Sent from my SCH-S735C using Tapatalk


----------



## twinplanx (Oct 18, 2013)

Thanks for the tip TB! I would love to get back to MRG(only been once) but Middlebury could just work with the snowboarders... 

Sent from my SCH-S735C using Tapatalk


----------



## wintersyndrome (Oct 18, 2013)

twinplanx said:


> Thanks for the tip TB! I would love to get back to MRG(only been once) but Middlebury could just work with the snowboarders...
> 
> Sent from my SCH-S735C using Tapatalk



MRG: "Ride it if I was allowed by the grumpy old man co-op."


----------



## jrmagic (Oct 18, 2013)

If you decide on hitting the snow bowl one day you can get a Mount Ellen only ticket for the day at the bush. Its a good amount cheaper and  there's more than enough trails and glades to keep you busy for a day at least and even some good low angle glades for your novice that all can enjoy.


----------



## twinplanx (Oct 18, 2013)

wintersyndrome said:


> MRG: "Ride it if I was allowed by the grumpy old man co-op."



Relax DMC! I got an extra set up handy if you want to try skiing again... 

Sent from my SCH-S735C using Tapatalk


----------



## twinplanx (Oct 18, 2013)

jrmagic said:


> If you decide on hitting the snow bowl one day you can get a Mount Ellen only ticket for the day at the bush. Its a good amount cheaper and  there's more than enough trails and glades to keep you busy for a day at least and even some good low angle glades for your novice that all can enjoy.



Am I missing something?  The snow bowl you refer to is Middlebury?  Or do you mean Mt. Ellen? I have been a member of this forum long enough to know that is where the action is ;-)... 

Sent from my SCH-S735C using Tapatalk


----------



## ScottySkis (Oct 18, 2013)

twinplanx said:


> Am I missing something?  The snow bowl you refer to is Middlebury?  Or do you mean Mt. Ellen? I have been a member of this forum long enough to know that is where the action is ;-)...
> 
> Sent from my SCH-S735C using Tapatalk



Bowls are great.:beer::beer::beer::beer:


----------



## jrmagic (Oct 19, 2013)

twinplanx said:


> Am I missing something?  The snow bowl you refer to is Middlebury?  Or do you mean Mt. Ellen? I have been a member of this forum long enough to know that is where the action is ;-)...
> 
> Sent from my SCH-S735C using Tapatalk



Maybe just my wording... Trail boss mentioned Middlebury Snowbowl first. I was just adding that if you were going to possibly go to the snowbowl and only ski one day at Sugarbush a Mount Ellen only ticket would save some cash and provide more than enough terrain for the day.


----------



## thetrailboss (Oct 19, 2013)

jrmagic said:


> Maybe just my wording... Trail boss mentioned Middlebury Snowbowl first. I was just adding that if you were going to possibly go to the snowbowl and only ski one day at Sugarbush a Mount Ellen only ticket would save some cash and provide more than enough terrain for the day.

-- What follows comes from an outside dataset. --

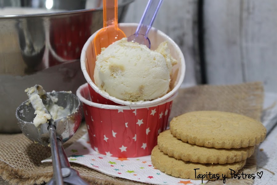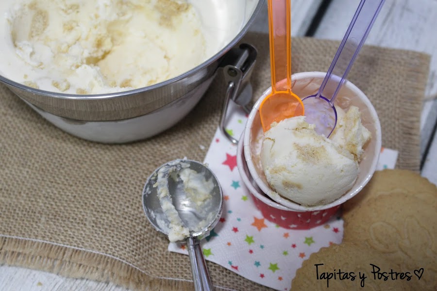 Quitamos la mariposa y trituramos la nata (crema de leche) junto con la crema congelada que teníamos reservada 30 segundos a velocidad 7. Bajamos los restos que haya en las paredes y vertemos en el recipiente donde lo vayamos a congelar. Añadimos las galletas troceadas a mano, trocitos ni grandes, ni chicos. Mezclamos con una espátula y al congelador hasta la hora de servir. Antes de servir lo dejamos fuera unos diez minutos para poder hacer bien las bolas. Lo podemos acompañar de almendra crocanti, unos hilos de mermelada, migas de galletas...da igual lo que le pongáis os lo vais a comer sin mirar.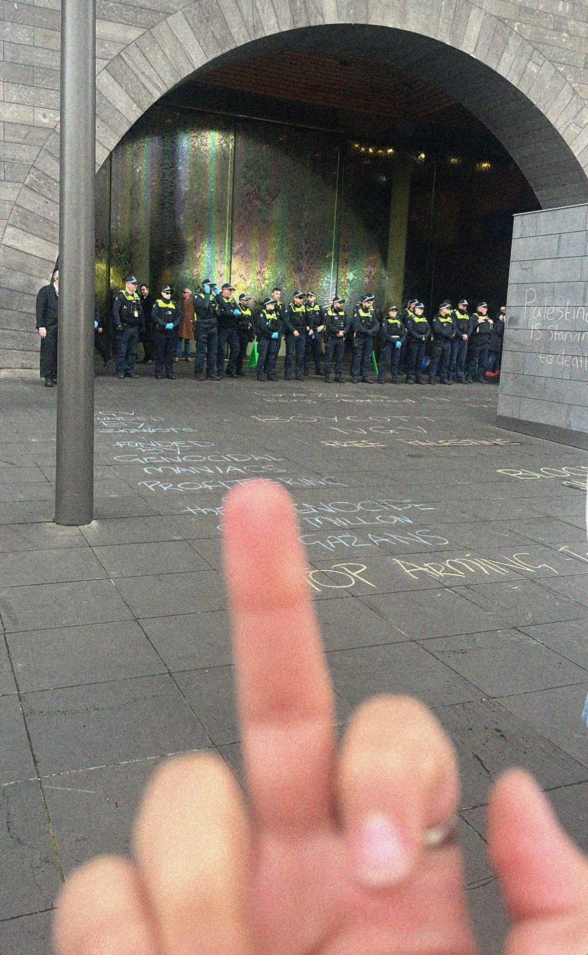 • NGV security has been instructed to prevent keffiyehs or any clothing or accessories signifying Palestinian solidarity from entering the building. Visitors to the gallery have been told to remove or cloak these items.

Yeah that is what I heard too.  I can understand the confusion though.  

As to MRG, it is what it is.  I know 'boarders get fired up and all, but there are lots of other places that are just as good or better.  I think it is just the whole psychology that makes folks upset.


----------



## twinplanx (Oct 20, 2013)

OK sounds legit.  Nothing to get fired up by, just do as the bumper sticker suggests... I will likely have some more time to explore the MRV then the other guys who have wives & kids.  I've also been hoarding my PTO to use at my own discretion. 
  I will likely check Middlebury out if the snowboarders can not be convinced to kick it old school. Hell of place to see if you still got it lol

Sent from my SCH-S735C using Tapatalk


----------



## quiglam1 (Oct 23, 2013)

We rented this condo last January for three nights.  It was awesome.  2 miles from Sugarbush and like 7 miles from MRG, 40 minutes from Stowe.   https://www.facebook.com/pages/25-Sugar-Run-Vermont/147975441924254  Heather is the condo owner.


----------



## twinplanx (Oct 25, 2013)

^ hey thanks!  I will definitely look into that.  Is this just one or multiple units & 1 or 2 bedrooms? 

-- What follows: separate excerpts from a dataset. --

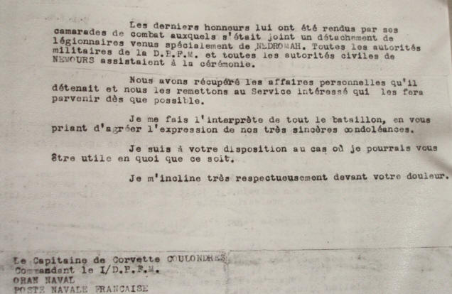 Son nom fut donné à un cours de l'Ecole des Fusiliers Marins du 9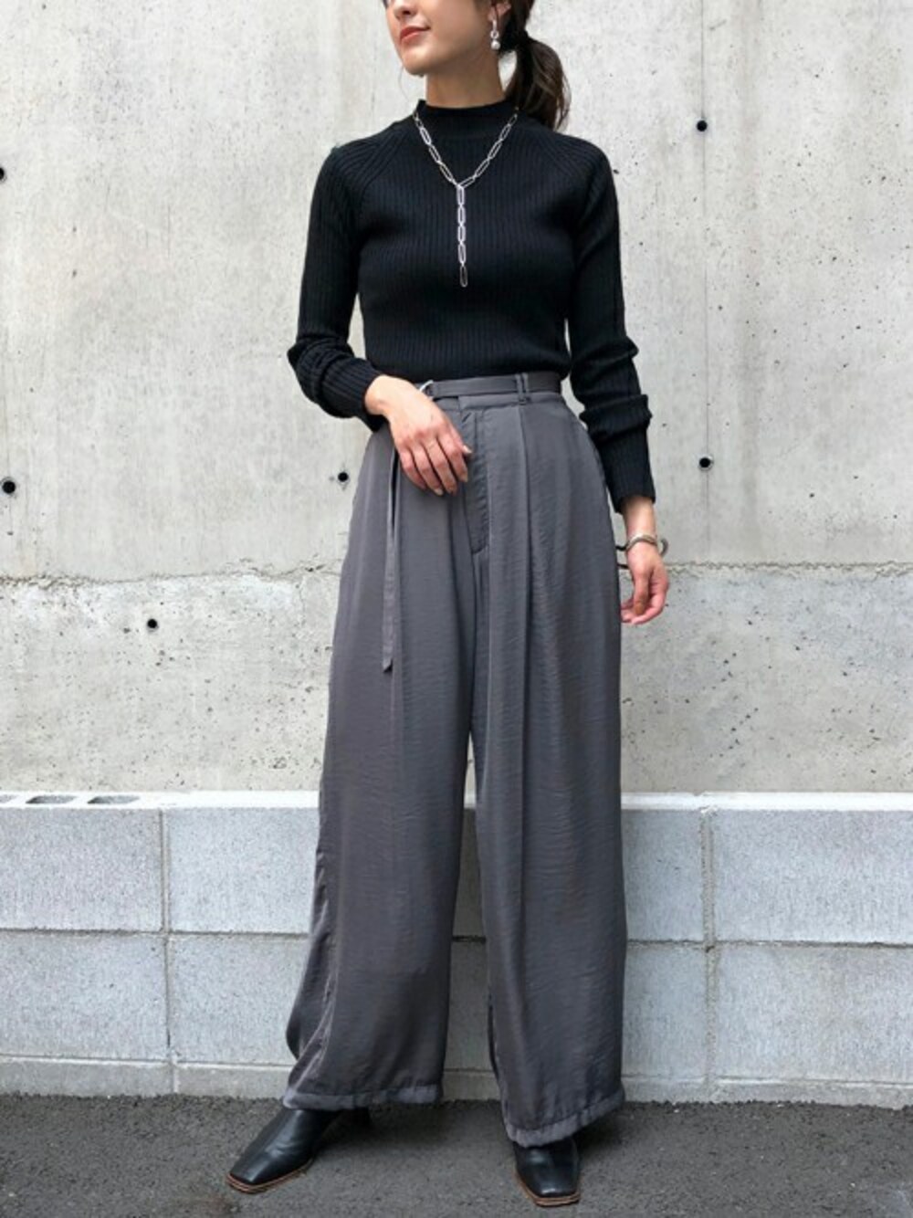 今からベストなコーディネート! 肌ざわりの良いリブニット。 ジャケットやコートのインナーにも最適です。 きれいめのマットサテンパンツ。 パンツはバックゴムになっている為 履き心地も抜群◎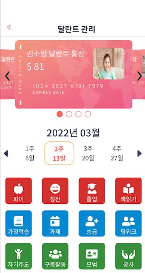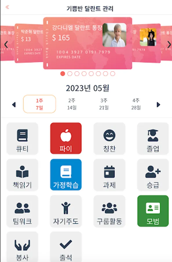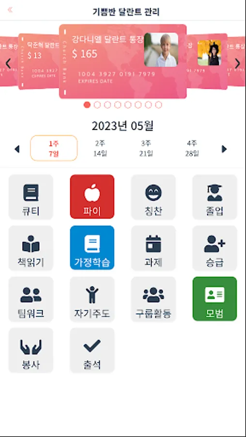 학생별 달란트 현황을 한 눈에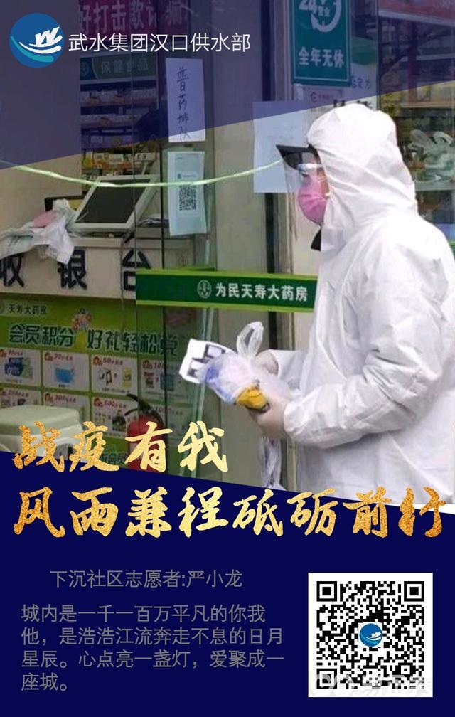 硚口营业所的严小龙作为团支部书记、入党积极分子,平时就乐于参加志愿服务,供水服务进社区、"汉马"志愿服务、集团退休老人帮扶……都能看到他忙碌的身影。在支部招募下沉社区疫情防控志愿者时,他第一时间报名参加。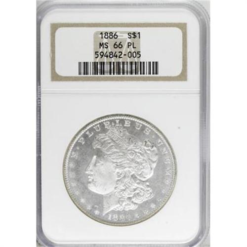 <B>1886 $1 MS66 Prooflike NGC.</B></I> NGC Census: (19/1). PCGS Population (17/1). (#7167)<BR><I>From The Diamond Head Collection.</B></I><BR><BR><B>Coin Engraver:</B> George T. Morgan<BR><BR><b>Shipping:</b> Coins & Currency (<a target="_blank" href="http://www.heritageauctions.com/common/shipping.php">view shipping information</a>\)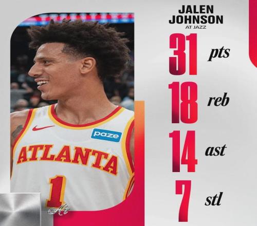 11月份,杰伦-约翰逊成为整个联盟状态最火热的球员之一。 上周他场均24分12篮板9.3助攻2.5抢断率队取得4连胜,凭借优异的表现生涯首次当选周最佳。 其中对阵爵士的比赛,他在上半场便12投7中、三分3中3轰下20分5篮板8助攻5抢断,成为NBA历史上首位半场至少拿到20分5篮板5助攻5抢断的球员。 那场比赛,他的数据最终定格在31分18篮板14助攻7抢断,四项数据全部创造生涯新高,他也成为NBA历史上首位单场至少砍下31分18篮板14助攻7抢断的球员。

Sent from my SCH-S735C using Tapatalk


----------



## Quietman (Oct 25, 2013)

We stayed in a rental about 3 miles from Sugarbush in March about 6-7 years ago. Skied Sugarbush the 1st day with scratchy conditions and upper lifts on wind hold, although they were able to run Castlerock, had an ok day. The next morning all the SB lifts were on hold, so on a hunch I called Bolton Valley and was told that all the lifts were running and they were getting dumped on, while we had no snow at MRV.  After a 40 minute drive and barely making it up the snowy access rd, we were in heaven. Up to 2'+ of fresh powder, I never skied in the woods so much before in my life. We would just follow tracks into the trees to see what we could find. I was really glad that I had a helmet that day!  We even skied a ways into the night before quitting.  When we arrived back at the rental, not a flake of new snow had fallen just 30 miles away.  If you're looking for "old school" fun, give Bolton a try if they've had fresh snow recently.


----------



## twinplanx (Oct 25, 2013)

^link for the condo? 

Sent from my SCH-S735C using Tapatalk


----------



## twinplanx (Oct 26, 2013)

OK after further review 25 Sugar Run will not be able to accommodate a group of our size. Any other ideas? 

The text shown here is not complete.